Records from a dataset
◆ ◆ ◆ ◆ ◆
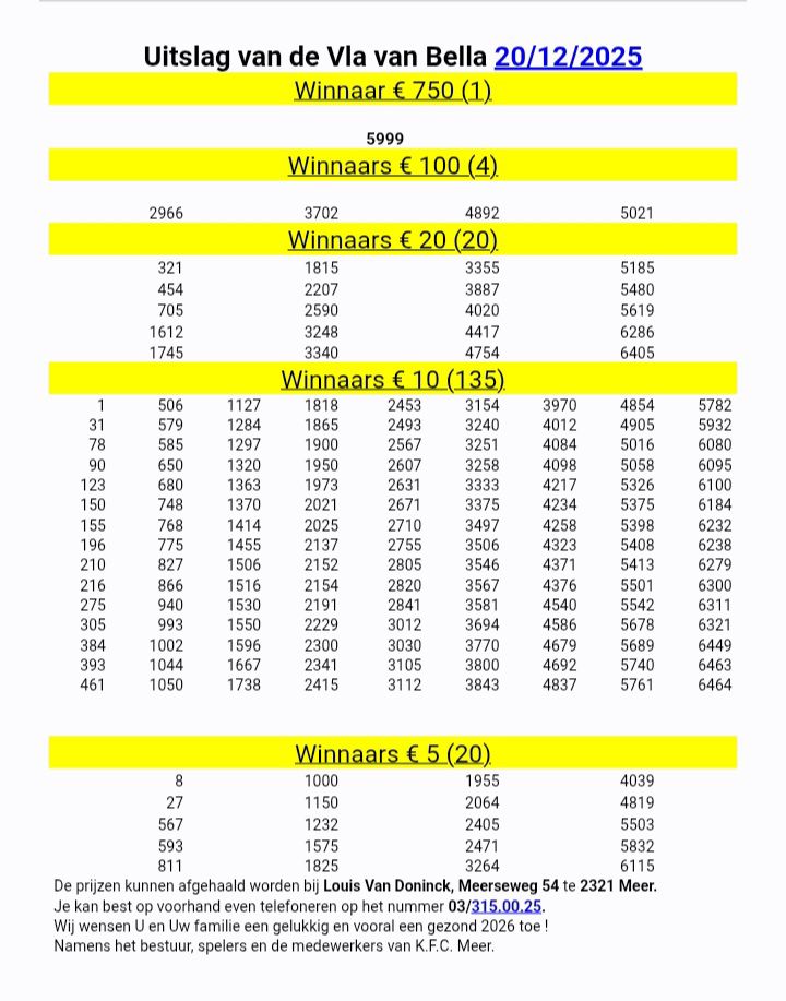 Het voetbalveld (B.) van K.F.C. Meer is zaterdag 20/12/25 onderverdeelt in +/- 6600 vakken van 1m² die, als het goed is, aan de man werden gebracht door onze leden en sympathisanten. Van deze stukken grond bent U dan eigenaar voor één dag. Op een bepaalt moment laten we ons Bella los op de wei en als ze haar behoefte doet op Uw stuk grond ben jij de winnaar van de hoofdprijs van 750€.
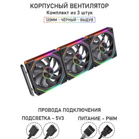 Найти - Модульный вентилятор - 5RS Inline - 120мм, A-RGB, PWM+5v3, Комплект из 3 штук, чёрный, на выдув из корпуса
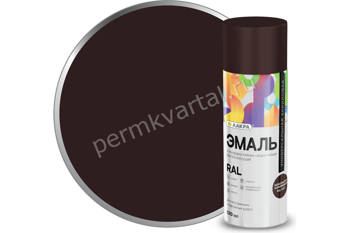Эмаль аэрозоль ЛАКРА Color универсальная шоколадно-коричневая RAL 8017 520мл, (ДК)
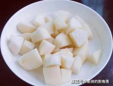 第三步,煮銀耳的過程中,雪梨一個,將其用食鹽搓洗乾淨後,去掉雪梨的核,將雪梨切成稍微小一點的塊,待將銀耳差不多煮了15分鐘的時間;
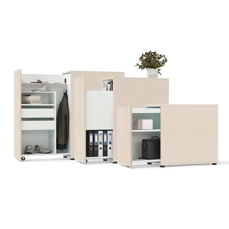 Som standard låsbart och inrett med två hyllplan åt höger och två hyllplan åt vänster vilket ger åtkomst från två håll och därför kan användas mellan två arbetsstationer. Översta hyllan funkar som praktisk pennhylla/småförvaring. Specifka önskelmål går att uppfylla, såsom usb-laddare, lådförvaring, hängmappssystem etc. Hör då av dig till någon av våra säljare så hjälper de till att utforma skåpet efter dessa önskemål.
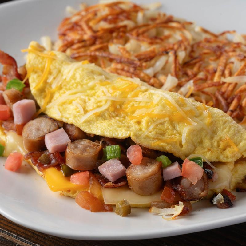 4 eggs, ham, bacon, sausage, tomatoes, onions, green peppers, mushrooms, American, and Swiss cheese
◆ ◆ ◆ ◆ ◆
What you should do:
Repeat all of the records verbatim, leaving out the pictures.

Result for this task:
 Het voetbalveld (B.) van K.F.C. Meer is zaterdag 20/12/25 onderverdeelt in +/- 6600 vakken van 1m² die, als het goed is, aan de man werden gebracht door onze leden en sympathisanten. Van deze stukken grond bent U dan eigenaar voor één dag. Op een bepaalt moment laten we ons Bella los op de wei en als ze haar behoefte doet op Uw stuk grond ben jij de winnaar van de hoofdprijs van 750€.
 Найти - Модульный вентилятор - 5RS Inline - 120мм, A-RGB, PWM+5v3, Комплект из 3 штук, чёрный, на выдув из корпуса
Эмаль аэрозоль ЛАКРА Color универсальная шоколадно-коричневая RAL 8017 520мл, (ДК)
 第三步,煮銀耳的過程中,雪梨一個,將其用食鹽搓洗乾淨後,去掉雪梨的核,將雪梨切成稍微小一點的塊,待將銀耳差不多煮了15分鐘的時間;
 Som standard låsbart och inrett med två hyllplan åt höger och två hyllplan åt vänster vilket ger åtkomst från två håll och därför kan användas mellan två arbetsstationer. Översta hyllan funkar som praktisk pennhylla/småförvaring. Specifka önskelmål går att uppfylla, såsom usb-laddare, lådförvaring, hängmappssystem etc. Hör då av dig till någon av våra säljare så hjälper de till att utforma skåpet efter dessa önskemål.
 4 eggs, ham, bacon, sausage, tomatoes, onions, green peppers, mushrooms, American, and Swiss cheese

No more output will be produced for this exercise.